= Beginning of Section =

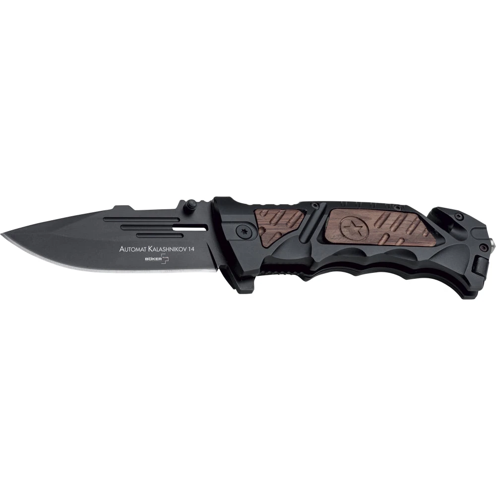 Le Couteau Pliant Multi-fonctions KAL-14 de Boker Plus est Ă©galement un produit très pratique. Il est dotĂ© d’un coupe-ceinture et d’un brise-vitre, ce qui le rend très utile en cas d’urgence. Un insert en bois dans le manche permet Ă©galement de donner une touche esthĂ©tique Ă l’ensemble.
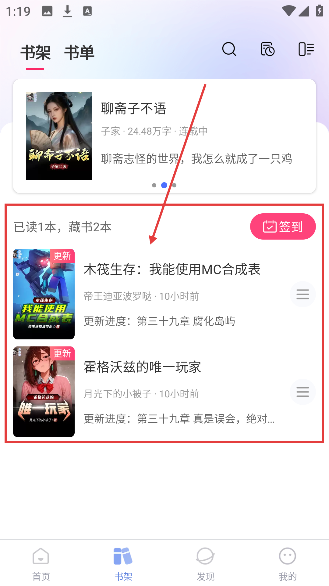 4、点击【书架】,进入书架界面,可查看已加入的小说,随时继续阅读啦。
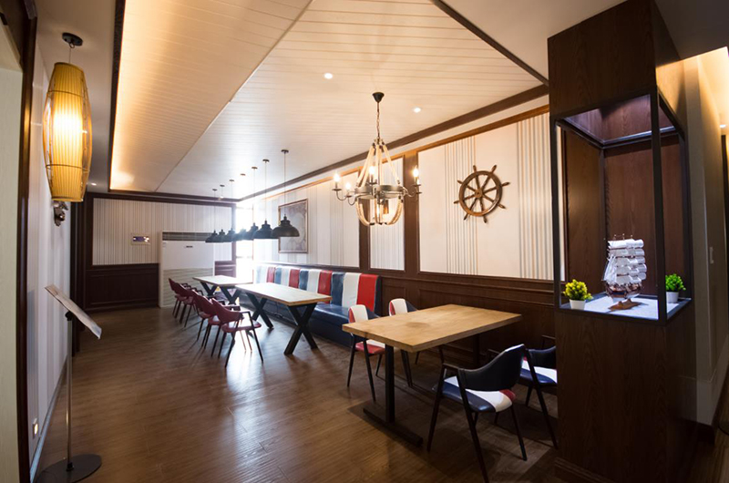 過道盡頭順勢做了一間咖吧,從轉(zhuǎn)角的船模到深處的大航海地圖,不難看出它的海賊王主題,從家具到燈飾都是濃濃的復(fù)古工業(yè)風(fēng)。條紋的墻板和座椅相呼應(yīng)協(xié)調(diào),鮮艷的紅藍(lán)色還帶有一種幽默的卡通味道。頂部的條形板模仿船艙的夾板,傾斜的拼法是為了制造海上的搖晃流動感。昏黃的燈光營造出酒吧咖吧所需要的迷離氛圍。

= End of Section =

### Brief
Write out the material above precisely, leaving each picture behind.

### Solution for this exercise
 Le Couteau Pliant Multi-fonctions KAL-14 de Boker Plus est Ă©galement un produit très pratique. Il est dotĂ© d’un coupe-ceinture et d’un brise-vitre, ce qui le rend très utile en cas d’urgence. Un insert en bois dans le manche permet Ă©galement de donner une touche esthĂ©tique Ă l’ensemble.
 4、点击【书架】,进入书架界面,可查看已加入的小说,随时继续阅读啦。
 過道盡頭順勢做了一間咖吧,從轉(zhuǎn)角的船模到深處的大航海地圖,不難看出它的海賊王主題,從家具到燈飾都是濃濃的復(fù)古工業(yè)風(fēng)。條紋的墻板和座椅相呼應(yīng)協(xié)調(diào),鮮艷的紅藍(lán)色還帶有一種幽默的卡通味道。頂部的條形板模仿船艙的夾板,傾斜的拼法是為了制造海上的搖晃流動感。昏黃的燈光營造出酒吧咖吧所需要的迷離氛圍。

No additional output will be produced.